At that time, Botswana’s economy was based almost entirely on cattle. The “national herd” was comprised of three million head of cattle, spread out on the vast land and managed by a population of approximately 500,000. Today, the human population is just under two million, a figure that would be much higher were it not for the ravages of AIDS. Botswana has the second highest AIDS population in the world, with an estimated one in six Batswana infected. The number of cattle is likewise down, largely because of a disease that led to a massive slaughtering. But cattle still equal wealth in Africa and even city people, with jobs in modern businesses such as computers and nursing, maintain country farms and cattle ranches.

Diamonds
In 1967, however, one year after Botswana became independent, the discovery of diamonds changed everything. The coveted stones were found first at Orapa and then, in 1972, at Jwaneng, deep in the Kalahari. Suddenly, this desolate land became extremely desirable and very valuable — too valuable to be left to the Bushmen, no matter how little of it they used. Diamonds became the engine that drove government policy decisions in Botswana.

To provide the hundreds of millions of dollars necessary to fund the long-term development of this valuable resource, Debswana, a 50-50 joint venture between De Beers and the government of Botswana, was created. The diamond mining company transformed Botswana from an agricultural-based economy to a country with one of the highest economic growth rates in the world. As the country’s largest nongovernment employer, Debswana produces more than 70 percent of the country’s export earnings, 30 percent of the gross domestic product (GDP) and 50 percent of government revenue.

On the world stage, Debswana is the largest diamond producer by value and Jwaneng is the richest diamond mine, with Orapa the second richest. In 2007, the country produced 33.6 million carats of diamonds.

But the diamond riches have not benefitted the Bushmen. As the mining companies moved into the reserve, the Bushmen were forced out. Beginning in 1996, the Botswana government demanded that the Bushmen move out of the Kalahari Reserve. In 2001, hunting permits were withdrawn; in 2002, medical care was cut off and water supplies were closed down within the reserve. The Bushmen’s hunting tools — handmade bows and arrows tipped with poison — were confiscated and most of the tribal members were loaded into cattle trucks with their meager possessions and driven to settlement camps outside the reserve.

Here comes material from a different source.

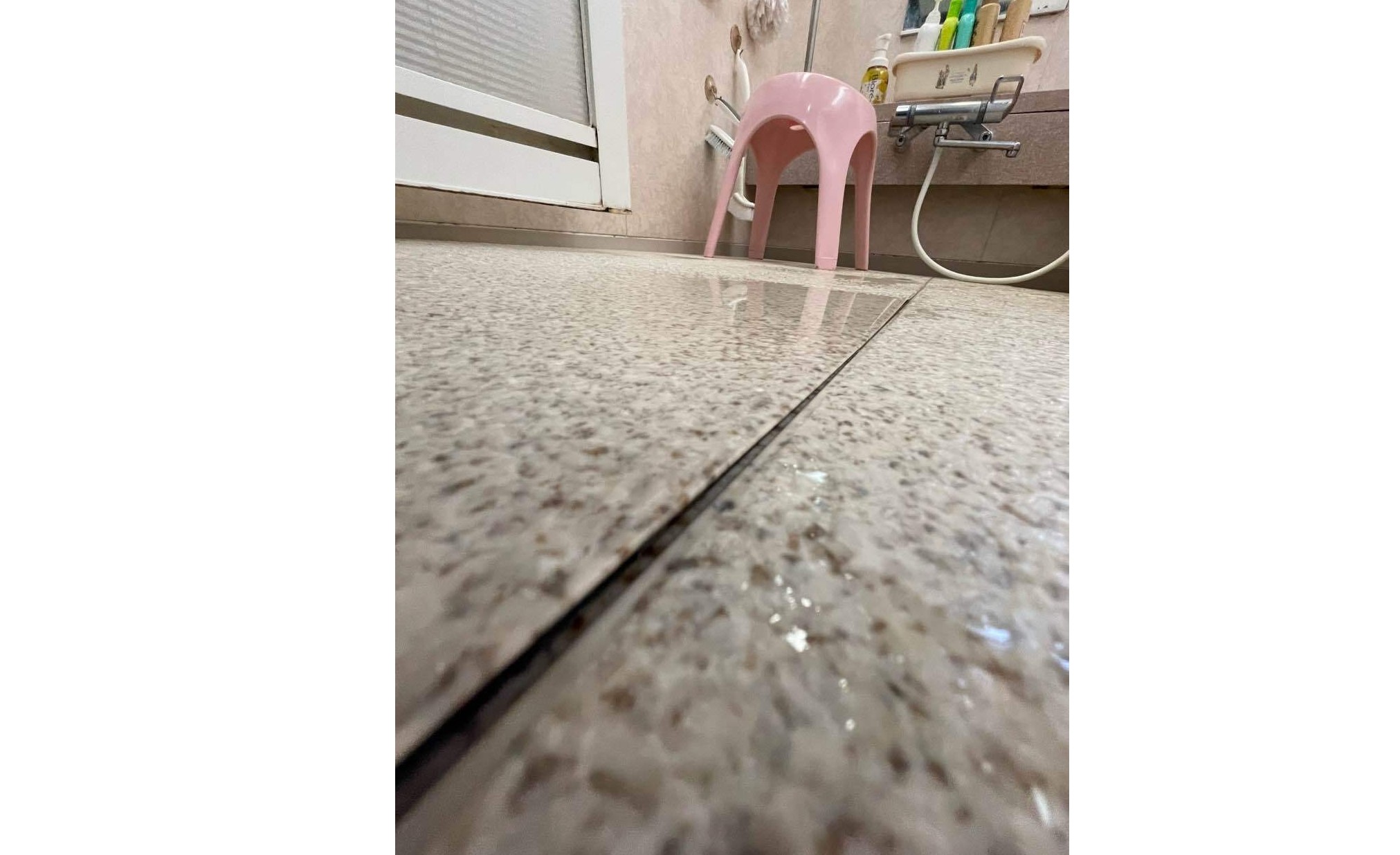 10年以上前に浴室床に貼ったタイルが浮いてきてしまい、水が入り込んでしまっていました。
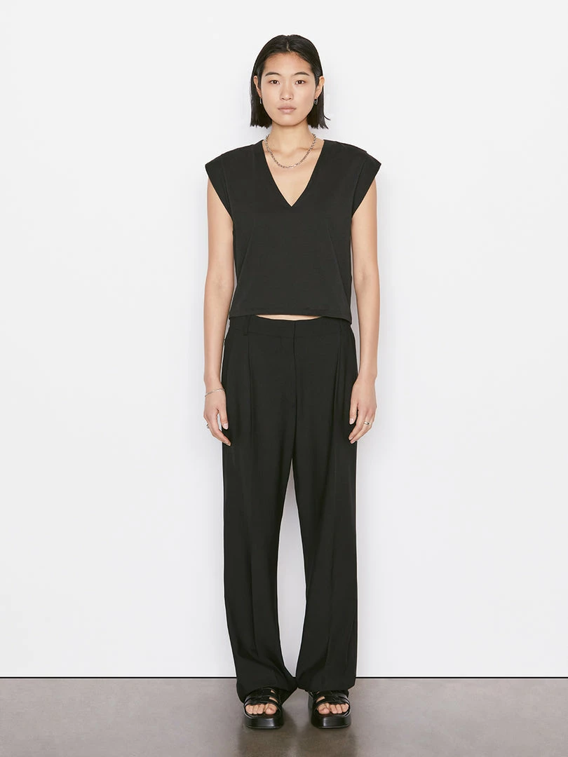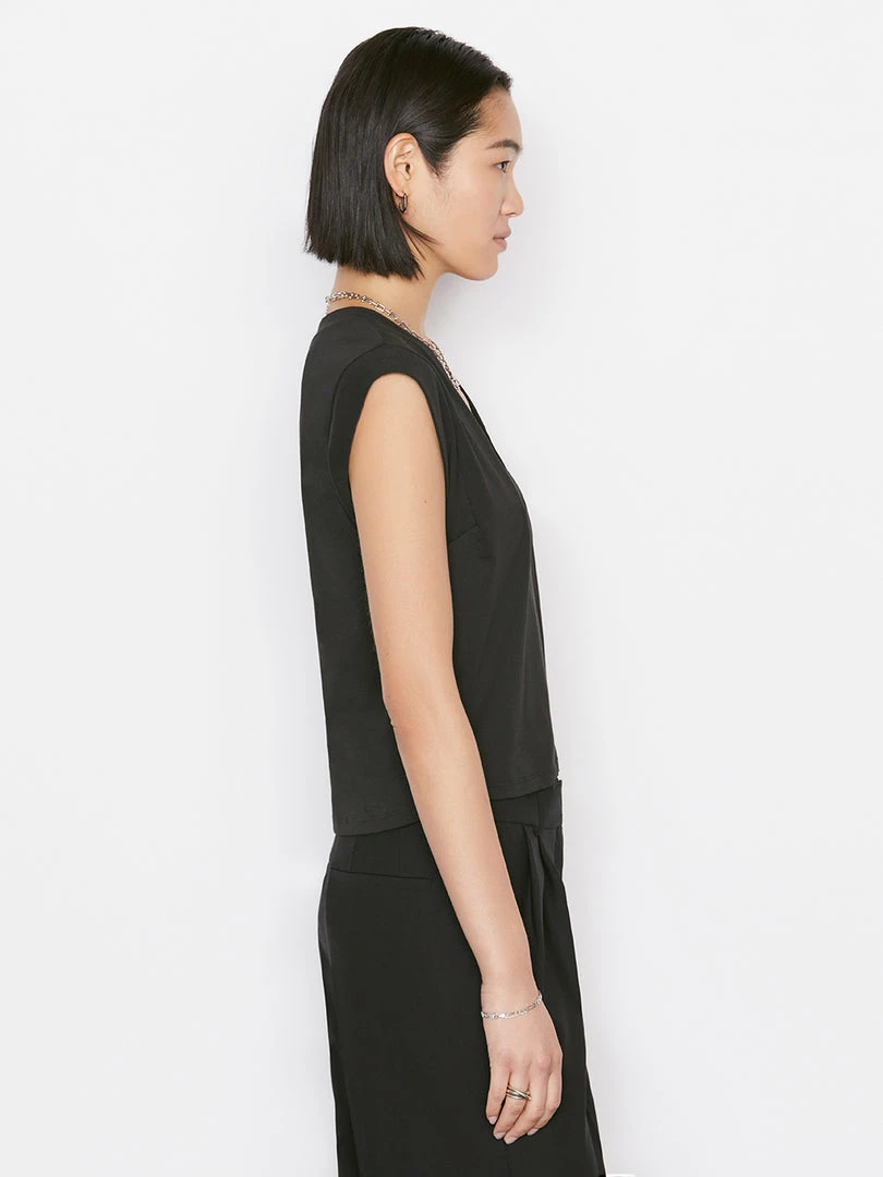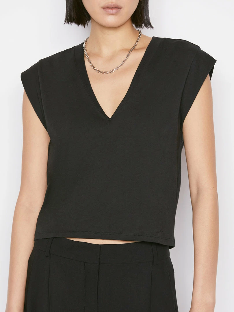 New π― Frame-denim Le High Rise V Neck Tee — Noir π€©

Although the government has denied any connection between mining and the evictions, there are those who think differently. Survival International, a 40-year-old nongovernmental organization (NGO) dedicated to the rights of tribal people, is one of them. It has always maintained that the Bushmen were evicted specifically to open up the reserve for mining.

In 2006, the Bushmen won a significant legal victory when the Botswana High Court ruled that their eviction was illegal and they had the right to hunt and live in the reserve. Despite the ruling, the Bushmen still are stranded in the settlement camps because the government refuses to allow them use of the water borehole on the reserve or to return their hunting tools or transport them back. Meanwhile, mining operators reportedly are digging their own water boreholes on reserve land.

While diamond demand, and production, are down dramatically right now because of the worldwide financial crisis, diamond-mining companies always take the long view. Botswana has become so important to the world diamond industry that it was able to force De Beers to move its diamond-buying sights from London to Gaborone, Botswana’s capital, and also to establish diamond-polishing operations in the country that employ approximately 3,000 Batswana. The diamond industry’s importance to Botswana makes it unlikely that this David versus Goliath story will end well for the Bushmen.